__Task details__
When you reach the line that contains "Parts for Whirlpool", begin copying exactly and continue through the last line below. Do not copy pictures.

Content starts

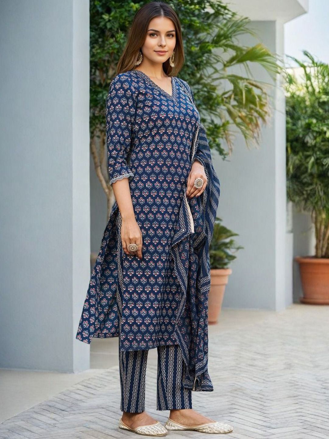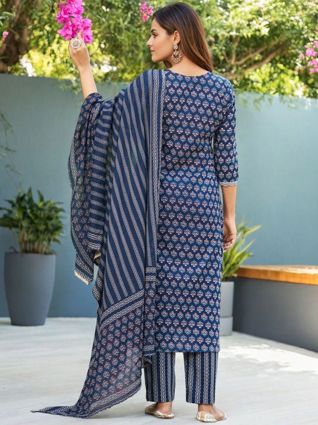 SZN Women Floral Printed Cotton Kurta with Trousers & Dupatta
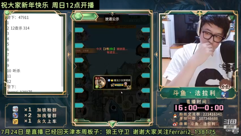 【2023-01-07 12点场】法拉利的直播间:斗鱼NO.1最强狼人杀心理学技术主播
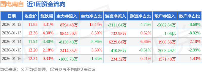 资金流向数据方面,本周国电南自主力资金合计净流入1.11亿元,游资资金合计净流入3674.63万元,散户资金合计净流出1.48亿元。本周资金流向一览见下表:
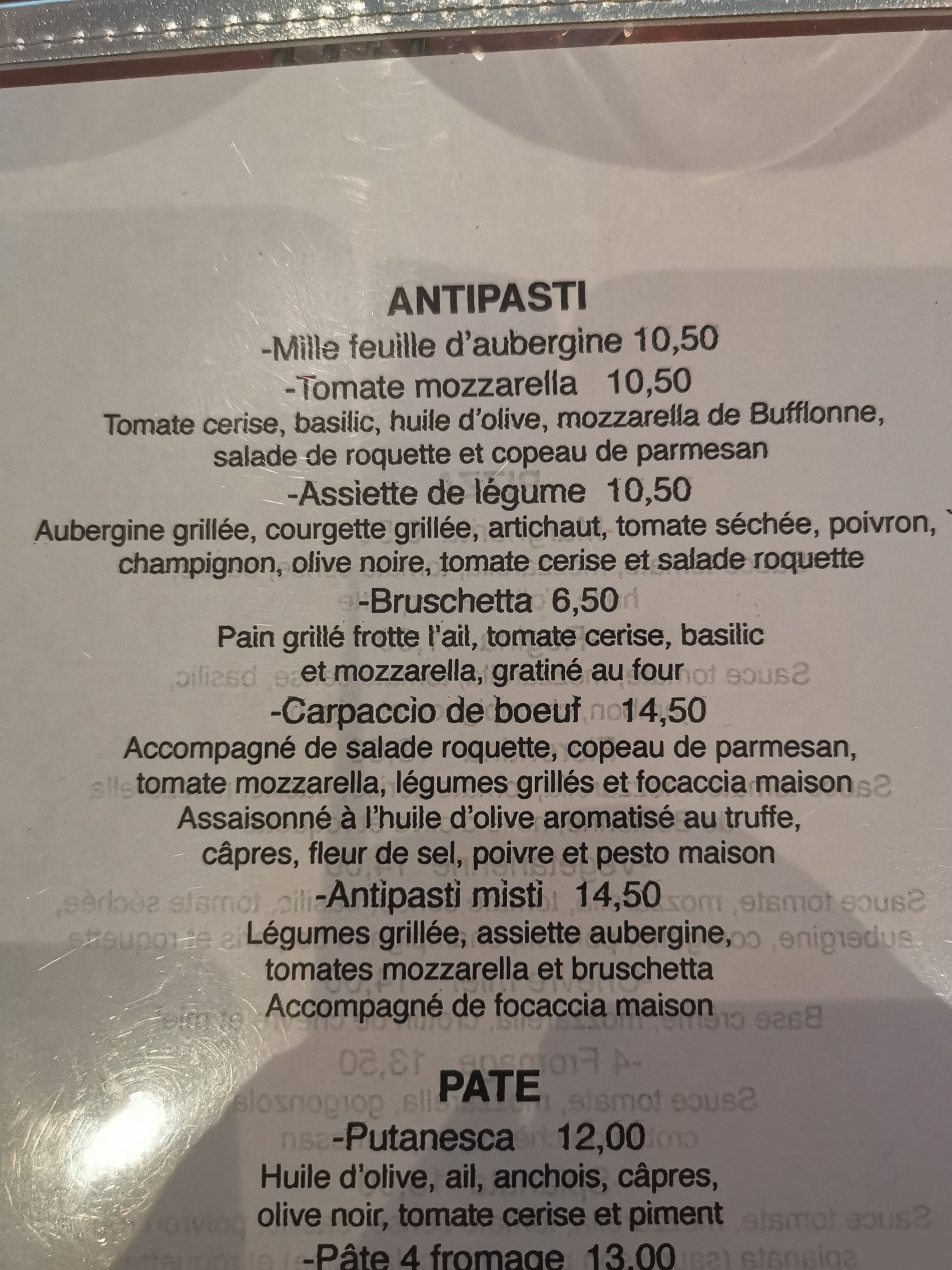 Nous n'avions pas mangé car au bout de quasiment 25 min personne n'est venu prendre notre commande. De plus les distances de sécurité pas respectées (voisin était collé à nous littéralement),la table était dégoûtante... Finalement ça ne donnait pas envie et quand je voyais aussi les plats de pâtes....tant mieux si l'on peut dire
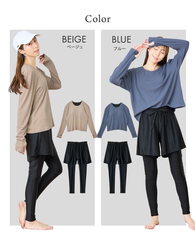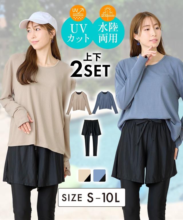 【上下2点セット】インナー一体型ラッシュガード(指穴付き)・レギンス付き水着(LB1074) ニッセン nissen
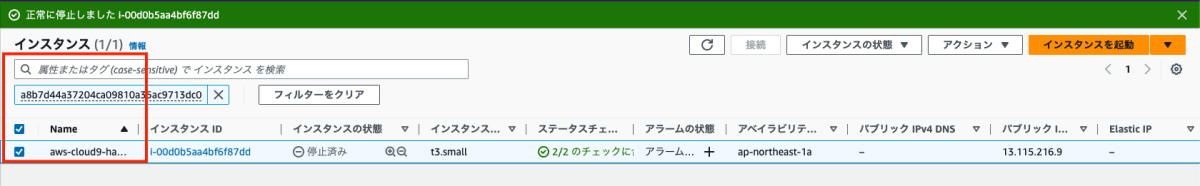 EC2 インスタンスが停止できました。
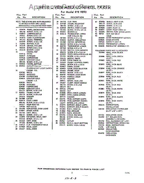 Parts for Whirlpool RYE9890: 03 - Lit / Optional Parts
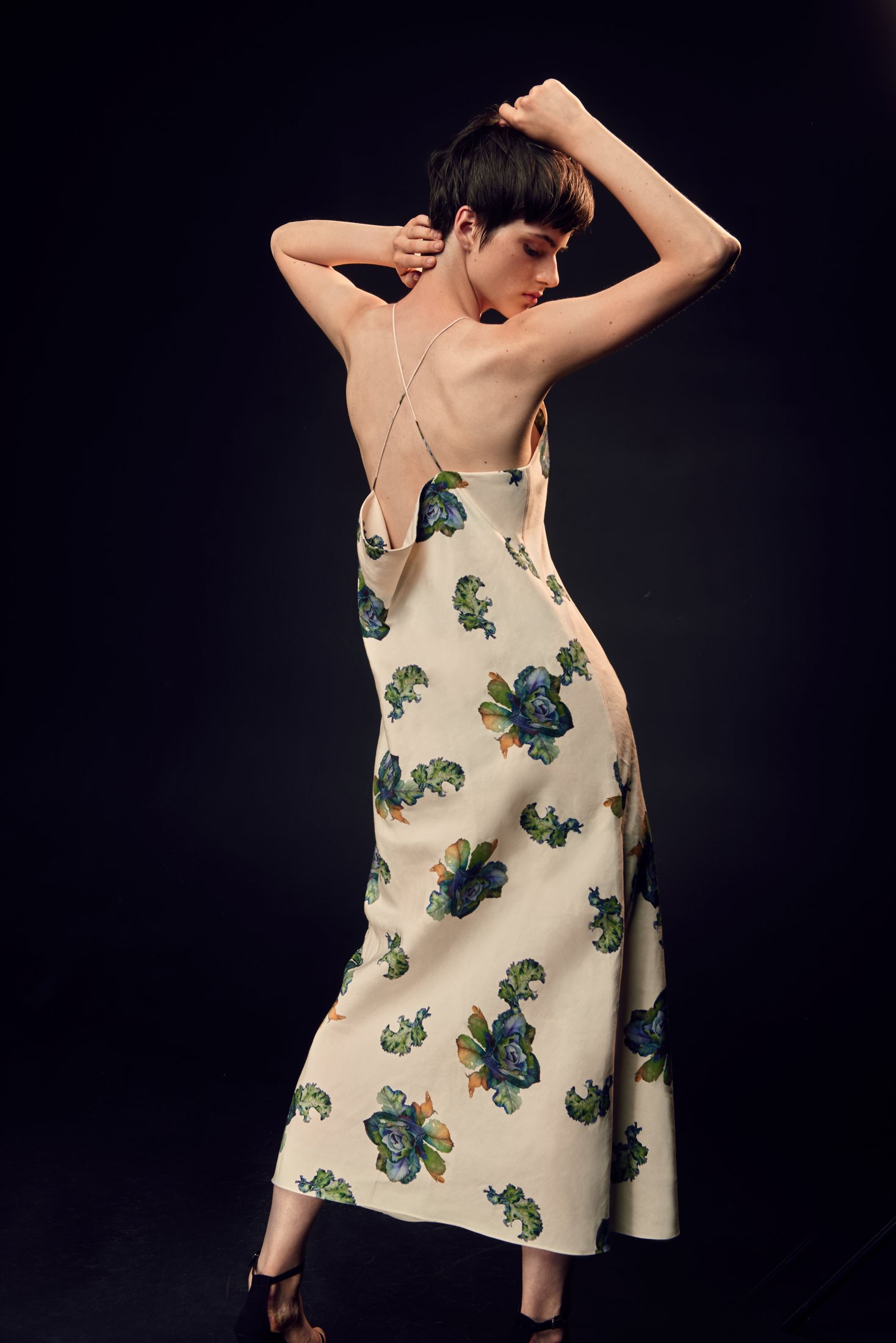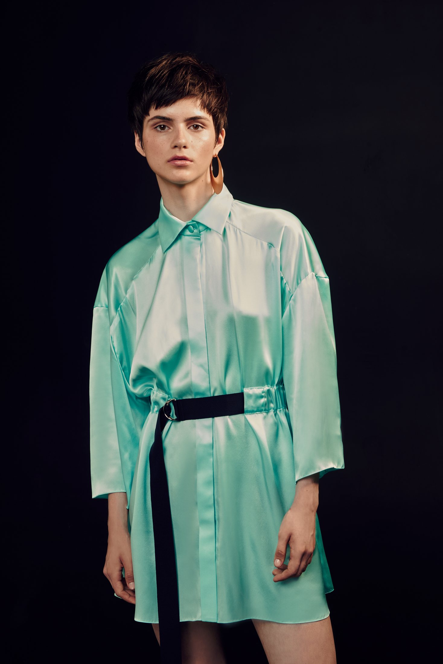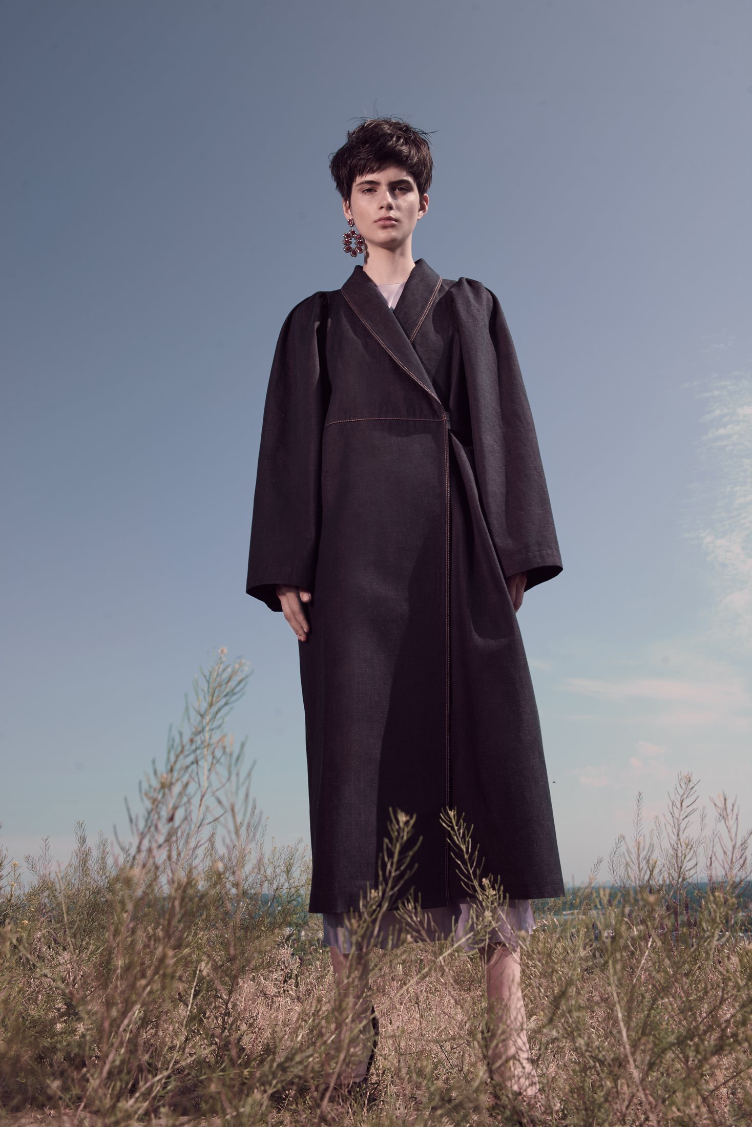 В коллекцию вошли вещи и на прохладный, и на теплый сезон: легкие платья соседствуют с шерстяными жакетами, рубашки — с пальто и костюмами. Разумеется, вписывая в азбуку бренда новые материалы, Кононова и Рябоконь не отказываются и от любимых: шелк, обязательный для Lake Studio, послужил основой для платьев лавандового и нежно-голубого цветов. И, конечно, принты: в этот раз команда представила забавный рисунок брассики, декоративной капусты, которая одновременно напоминает о любви бренда к естественности и природе, и об иронии, которая тоже присуща креативной команде.

Content ends

__Response__
 Parts for Whirlpool RYE9890: 03 - Lit / Optional Parts
 В коллекцию вошли вещи и на прохладный, и на теплый сезон: легкие платья соседствуют с шерстяными жакетами, рубашки — с пальто и костюмами. Разумеется, вписывая в азбуку бренда новые материалы, Кононова и Рябоконь не отказываются и от любимых: шелк, обязательный для Lake Studio, послужил основой для платьев лавандового и нежно-голубого цветов. И, конечно, принты: в этот раз команда представила забавный рисунок брассики, декоративной капусты, которая одновременно напоминает о любви бренда к естественности и природе, и об иронии, которая тоже присуща креативной команде.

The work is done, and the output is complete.